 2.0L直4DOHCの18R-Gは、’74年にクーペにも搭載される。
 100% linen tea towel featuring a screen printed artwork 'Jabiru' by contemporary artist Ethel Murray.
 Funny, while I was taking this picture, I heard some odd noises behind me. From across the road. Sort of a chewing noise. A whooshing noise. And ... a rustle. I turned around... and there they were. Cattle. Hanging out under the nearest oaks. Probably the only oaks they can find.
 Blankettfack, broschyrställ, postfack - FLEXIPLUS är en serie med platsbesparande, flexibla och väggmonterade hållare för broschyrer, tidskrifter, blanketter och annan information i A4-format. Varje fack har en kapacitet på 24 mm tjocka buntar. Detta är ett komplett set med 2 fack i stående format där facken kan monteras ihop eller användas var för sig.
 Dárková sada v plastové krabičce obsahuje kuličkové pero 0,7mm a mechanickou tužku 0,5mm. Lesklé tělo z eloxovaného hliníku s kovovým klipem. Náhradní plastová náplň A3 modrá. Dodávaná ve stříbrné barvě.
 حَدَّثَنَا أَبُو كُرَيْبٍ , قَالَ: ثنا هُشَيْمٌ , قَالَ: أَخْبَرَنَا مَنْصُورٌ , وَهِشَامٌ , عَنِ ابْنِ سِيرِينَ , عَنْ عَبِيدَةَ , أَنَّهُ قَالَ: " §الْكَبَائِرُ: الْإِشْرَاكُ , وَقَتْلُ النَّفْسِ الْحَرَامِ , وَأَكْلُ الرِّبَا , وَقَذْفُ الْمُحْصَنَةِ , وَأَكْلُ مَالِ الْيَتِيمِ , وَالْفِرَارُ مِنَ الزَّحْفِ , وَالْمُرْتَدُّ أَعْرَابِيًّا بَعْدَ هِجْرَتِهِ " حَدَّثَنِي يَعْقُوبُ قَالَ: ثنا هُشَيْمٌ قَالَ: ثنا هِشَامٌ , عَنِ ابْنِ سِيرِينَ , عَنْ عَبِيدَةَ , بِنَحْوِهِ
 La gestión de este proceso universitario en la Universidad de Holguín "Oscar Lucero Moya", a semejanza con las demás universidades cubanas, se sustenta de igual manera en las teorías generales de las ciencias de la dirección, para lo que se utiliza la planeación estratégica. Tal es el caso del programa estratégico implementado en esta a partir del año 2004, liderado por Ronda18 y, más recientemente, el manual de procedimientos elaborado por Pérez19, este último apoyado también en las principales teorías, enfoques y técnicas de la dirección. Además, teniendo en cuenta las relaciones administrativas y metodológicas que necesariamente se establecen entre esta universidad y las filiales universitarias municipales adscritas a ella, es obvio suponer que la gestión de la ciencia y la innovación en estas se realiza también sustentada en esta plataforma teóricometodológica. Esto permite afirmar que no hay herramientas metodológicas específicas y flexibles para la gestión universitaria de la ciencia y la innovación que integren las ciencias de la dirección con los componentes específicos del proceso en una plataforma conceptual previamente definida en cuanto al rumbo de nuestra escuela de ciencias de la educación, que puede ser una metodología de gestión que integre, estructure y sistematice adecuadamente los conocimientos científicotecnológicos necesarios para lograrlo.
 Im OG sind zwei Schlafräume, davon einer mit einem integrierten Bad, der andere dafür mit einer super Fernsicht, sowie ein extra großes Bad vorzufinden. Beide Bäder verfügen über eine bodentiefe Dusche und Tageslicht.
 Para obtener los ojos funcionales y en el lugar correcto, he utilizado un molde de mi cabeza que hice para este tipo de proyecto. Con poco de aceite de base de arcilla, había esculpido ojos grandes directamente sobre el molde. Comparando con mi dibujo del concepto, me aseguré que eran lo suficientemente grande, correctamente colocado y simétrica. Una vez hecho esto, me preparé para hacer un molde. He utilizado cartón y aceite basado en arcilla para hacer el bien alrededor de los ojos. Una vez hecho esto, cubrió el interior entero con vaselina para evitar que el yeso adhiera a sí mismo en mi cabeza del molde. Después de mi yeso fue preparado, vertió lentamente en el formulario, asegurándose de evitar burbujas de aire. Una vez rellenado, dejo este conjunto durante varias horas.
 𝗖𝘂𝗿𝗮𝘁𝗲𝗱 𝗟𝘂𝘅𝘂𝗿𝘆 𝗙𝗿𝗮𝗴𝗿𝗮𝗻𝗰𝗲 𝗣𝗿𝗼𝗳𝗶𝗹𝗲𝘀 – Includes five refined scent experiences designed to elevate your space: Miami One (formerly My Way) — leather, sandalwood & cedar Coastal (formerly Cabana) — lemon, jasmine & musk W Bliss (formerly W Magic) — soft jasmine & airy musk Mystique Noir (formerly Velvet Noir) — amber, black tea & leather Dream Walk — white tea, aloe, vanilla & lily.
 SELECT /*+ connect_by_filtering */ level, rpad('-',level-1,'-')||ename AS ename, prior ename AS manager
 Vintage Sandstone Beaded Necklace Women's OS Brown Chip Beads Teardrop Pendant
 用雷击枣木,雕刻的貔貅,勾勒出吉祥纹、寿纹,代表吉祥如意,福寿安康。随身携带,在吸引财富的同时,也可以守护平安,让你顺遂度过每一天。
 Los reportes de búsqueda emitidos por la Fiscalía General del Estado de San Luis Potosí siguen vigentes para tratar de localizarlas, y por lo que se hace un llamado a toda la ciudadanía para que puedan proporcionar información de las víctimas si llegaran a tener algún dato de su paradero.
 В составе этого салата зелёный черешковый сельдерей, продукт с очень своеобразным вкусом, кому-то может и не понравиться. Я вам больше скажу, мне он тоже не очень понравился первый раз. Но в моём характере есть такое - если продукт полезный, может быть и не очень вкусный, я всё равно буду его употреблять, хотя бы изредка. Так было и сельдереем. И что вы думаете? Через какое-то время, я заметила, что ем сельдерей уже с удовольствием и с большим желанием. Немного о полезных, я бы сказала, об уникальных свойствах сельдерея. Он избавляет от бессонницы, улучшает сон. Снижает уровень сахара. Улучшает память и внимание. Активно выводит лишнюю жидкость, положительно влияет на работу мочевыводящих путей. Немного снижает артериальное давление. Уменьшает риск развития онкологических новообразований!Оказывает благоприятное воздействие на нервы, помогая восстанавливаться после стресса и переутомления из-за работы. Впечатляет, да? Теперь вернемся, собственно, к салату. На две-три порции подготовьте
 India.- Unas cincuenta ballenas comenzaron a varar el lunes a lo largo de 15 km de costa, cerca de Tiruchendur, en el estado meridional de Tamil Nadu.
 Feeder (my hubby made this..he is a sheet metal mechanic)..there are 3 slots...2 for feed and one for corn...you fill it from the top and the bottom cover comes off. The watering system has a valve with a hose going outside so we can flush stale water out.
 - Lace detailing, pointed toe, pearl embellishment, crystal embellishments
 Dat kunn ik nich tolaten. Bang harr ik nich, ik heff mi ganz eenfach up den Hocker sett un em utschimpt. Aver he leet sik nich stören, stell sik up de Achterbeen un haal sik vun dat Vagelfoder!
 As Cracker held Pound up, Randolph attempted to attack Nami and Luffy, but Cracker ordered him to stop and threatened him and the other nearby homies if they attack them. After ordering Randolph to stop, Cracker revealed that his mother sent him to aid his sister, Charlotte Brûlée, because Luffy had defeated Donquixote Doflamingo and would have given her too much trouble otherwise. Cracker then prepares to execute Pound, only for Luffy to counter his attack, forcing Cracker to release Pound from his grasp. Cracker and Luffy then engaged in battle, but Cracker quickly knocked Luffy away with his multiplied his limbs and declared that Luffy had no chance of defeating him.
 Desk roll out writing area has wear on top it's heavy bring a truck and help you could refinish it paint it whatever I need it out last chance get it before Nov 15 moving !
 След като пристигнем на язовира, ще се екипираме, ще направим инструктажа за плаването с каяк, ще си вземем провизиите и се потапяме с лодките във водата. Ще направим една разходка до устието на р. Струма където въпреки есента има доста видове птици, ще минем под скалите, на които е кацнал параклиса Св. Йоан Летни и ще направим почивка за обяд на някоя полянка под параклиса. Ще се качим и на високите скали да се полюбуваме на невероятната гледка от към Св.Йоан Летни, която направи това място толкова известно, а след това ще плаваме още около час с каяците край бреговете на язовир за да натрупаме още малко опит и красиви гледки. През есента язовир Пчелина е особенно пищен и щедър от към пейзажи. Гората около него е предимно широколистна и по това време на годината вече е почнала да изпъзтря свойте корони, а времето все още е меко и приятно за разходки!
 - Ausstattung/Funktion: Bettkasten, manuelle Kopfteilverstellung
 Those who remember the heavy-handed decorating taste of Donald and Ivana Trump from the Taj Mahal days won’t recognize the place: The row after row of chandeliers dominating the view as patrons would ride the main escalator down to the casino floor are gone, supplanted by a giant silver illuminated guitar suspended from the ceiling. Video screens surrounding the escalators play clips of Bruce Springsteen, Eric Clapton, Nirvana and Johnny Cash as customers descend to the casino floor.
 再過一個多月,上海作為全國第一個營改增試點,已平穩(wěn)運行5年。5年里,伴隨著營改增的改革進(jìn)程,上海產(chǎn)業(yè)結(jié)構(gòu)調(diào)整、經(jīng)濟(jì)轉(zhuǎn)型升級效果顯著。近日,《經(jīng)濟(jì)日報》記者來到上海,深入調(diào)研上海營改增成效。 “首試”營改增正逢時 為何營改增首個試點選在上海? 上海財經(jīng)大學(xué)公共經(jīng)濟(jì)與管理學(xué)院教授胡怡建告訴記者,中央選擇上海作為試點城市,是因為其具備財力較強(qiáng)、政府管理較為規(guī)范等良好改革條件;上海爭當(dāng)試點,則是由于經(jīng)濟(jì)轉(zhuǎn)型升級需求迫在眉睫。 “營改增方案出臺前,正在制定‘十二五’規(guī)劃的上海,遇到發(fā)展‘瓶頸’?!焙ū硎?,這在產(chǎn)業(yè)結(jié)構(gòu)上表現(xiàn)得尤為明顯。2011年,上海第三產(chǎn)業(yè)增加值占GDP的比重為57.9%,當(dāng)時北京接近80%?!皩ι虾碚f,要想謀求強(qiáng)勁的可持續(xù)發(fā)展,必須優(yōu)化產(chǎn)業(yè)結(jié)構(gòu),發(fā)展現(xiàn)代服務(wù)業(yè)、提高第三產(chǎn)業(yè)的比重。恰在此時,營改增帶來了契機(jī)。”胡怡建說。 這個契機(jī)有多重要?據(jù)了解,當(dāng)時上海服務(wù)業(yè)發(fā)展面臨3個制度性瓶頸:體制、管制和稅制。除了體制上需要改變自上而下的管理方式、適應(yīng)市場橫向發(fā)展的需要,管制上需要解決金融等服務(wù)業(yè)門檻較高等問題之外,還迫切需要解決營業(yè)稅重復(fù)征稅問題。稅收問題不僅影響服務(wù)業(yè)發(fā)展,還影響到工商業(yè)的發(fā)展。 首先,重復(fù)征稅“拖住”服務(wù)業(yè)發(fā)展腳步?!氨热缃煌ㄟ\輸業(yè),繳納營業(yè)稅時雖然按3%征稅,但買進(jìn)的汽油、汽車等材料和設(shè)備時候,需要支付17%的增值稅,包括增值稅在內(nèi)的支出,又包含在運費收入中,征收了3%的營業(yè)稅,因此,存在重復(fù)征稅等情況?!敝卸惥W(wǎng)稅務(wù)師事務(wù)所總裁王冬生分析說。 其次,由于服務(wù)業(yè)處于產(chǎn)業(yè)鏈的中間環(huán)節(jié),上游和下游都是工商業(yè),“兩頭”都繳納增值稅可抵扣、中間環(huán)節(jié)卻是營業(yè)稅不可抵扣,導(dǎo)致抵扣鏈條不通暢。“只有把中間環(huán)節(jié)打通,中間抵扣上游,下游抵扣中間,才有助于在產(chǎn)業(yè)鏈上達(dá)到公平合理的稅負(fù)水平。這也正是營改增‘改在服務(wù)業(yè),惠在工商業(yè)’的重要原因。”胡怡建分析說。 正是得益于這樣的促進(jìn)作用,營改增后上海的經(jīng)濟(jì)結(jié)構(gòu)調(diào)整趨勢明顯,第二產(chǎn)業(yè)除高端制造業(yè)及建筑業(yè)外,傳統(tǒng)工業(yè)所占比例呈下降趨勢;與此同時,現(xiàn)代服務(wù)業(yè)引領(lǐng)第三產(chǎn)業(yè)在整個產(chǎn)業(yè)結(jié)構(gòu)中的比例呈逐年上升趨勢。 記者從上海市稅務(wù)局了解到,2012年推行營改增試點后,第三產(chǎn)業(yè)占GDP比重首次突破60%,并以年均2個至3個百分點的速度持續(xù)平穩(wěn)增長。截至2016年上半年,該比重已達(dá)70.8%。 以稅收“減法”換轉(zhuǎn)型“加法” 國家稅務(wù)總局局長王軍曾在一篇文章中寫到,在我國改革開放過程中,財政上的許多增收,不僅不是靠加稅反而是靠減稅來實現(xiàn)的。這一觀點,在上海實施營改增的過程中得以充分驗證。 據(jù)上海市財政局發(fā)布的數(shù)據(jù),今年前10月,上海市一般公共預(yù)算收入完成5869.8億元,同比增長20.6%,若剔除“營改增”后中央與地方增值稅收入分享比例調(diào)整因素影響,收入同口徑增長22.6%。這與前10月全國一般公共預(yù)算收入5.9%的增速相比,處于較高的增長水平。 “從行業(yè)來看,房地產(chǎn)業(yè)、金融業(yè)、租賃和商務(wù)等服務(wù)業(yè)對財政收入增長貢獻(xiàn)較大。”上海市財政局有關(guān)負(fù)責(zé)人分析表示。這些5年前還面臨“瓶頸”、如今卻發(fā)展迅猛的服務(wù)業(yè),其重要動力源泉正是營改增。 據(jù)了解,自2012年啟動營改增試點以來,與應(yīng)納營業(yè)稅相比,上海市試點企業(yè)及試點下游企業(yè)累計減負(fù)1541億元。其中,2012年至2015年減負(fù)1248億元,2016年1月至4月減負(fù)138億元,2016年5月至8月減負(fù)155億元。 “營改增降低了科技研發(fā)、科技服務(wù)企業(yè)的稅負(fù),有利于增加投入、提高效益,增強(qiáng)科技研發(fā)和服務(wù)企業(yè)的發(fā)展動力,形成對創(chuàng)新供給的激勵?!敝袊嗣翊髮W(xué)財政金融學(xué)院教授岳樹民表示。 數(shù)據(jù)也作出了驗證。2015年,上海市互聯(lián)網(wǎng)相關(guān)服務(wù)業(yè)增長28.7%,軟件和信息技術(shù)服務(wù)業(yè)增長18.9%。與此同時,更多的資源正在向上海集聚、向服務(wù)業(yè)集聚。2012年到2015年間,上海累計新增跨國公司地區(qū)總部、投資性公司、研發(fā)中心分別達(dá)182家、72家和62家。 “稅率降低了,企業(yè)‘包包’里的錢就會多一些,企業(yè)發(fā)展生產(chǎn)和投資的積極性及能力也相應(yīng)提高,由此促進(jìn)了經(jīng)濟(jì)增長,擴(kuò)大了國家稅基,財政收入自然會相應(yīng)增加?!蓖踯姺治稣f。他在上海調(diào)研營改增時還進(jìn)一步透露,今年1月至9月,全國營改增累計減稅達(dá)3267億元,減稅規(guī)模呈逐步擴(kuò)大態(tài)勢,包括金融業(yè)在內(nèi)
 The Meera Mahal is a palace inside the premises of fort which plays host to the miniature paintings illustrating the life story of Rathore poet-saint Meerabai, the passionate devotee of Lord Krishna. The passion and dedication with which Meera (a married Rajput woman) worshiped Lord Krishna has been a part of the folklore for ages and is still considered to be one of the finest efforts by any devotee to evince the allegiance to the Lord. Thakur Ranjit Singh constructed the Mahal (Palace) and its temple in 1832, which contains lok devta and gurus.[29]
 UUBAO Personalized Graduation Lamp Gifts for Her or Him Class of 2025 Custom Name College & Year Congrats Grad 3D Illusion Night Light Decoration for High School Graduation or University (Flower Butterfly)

┄┄┄┄┄┄┄┄┄┄

The entries above hold the needed span. Transcribe exactly the lines from the one with "Vintage Sandstone Beaded" to the one with "Los reportes de", both included.

 Vintage Sandstone Beaded Necklace Women's OS Brown Chip Beads Teardrop Pendant
 用雷击枣木,雕刻的貔貅,勾勒出吉祥纹、寿纹,代表吉祥如意,福寿安康。随身携带,在吸引财富的同时,也可以守护平安,让你顺遂度过每一天。
 Los reportes de búsqueda emitidos por la Fiscalía General del Estado de San Luis Potosí siguen vigentes para tratar de localizarlas, y por lo que se hace un llamado a toda la ciudadanía para que puedan proporcionar información de las víctimas si llegaran a tener algún dato de su paradero.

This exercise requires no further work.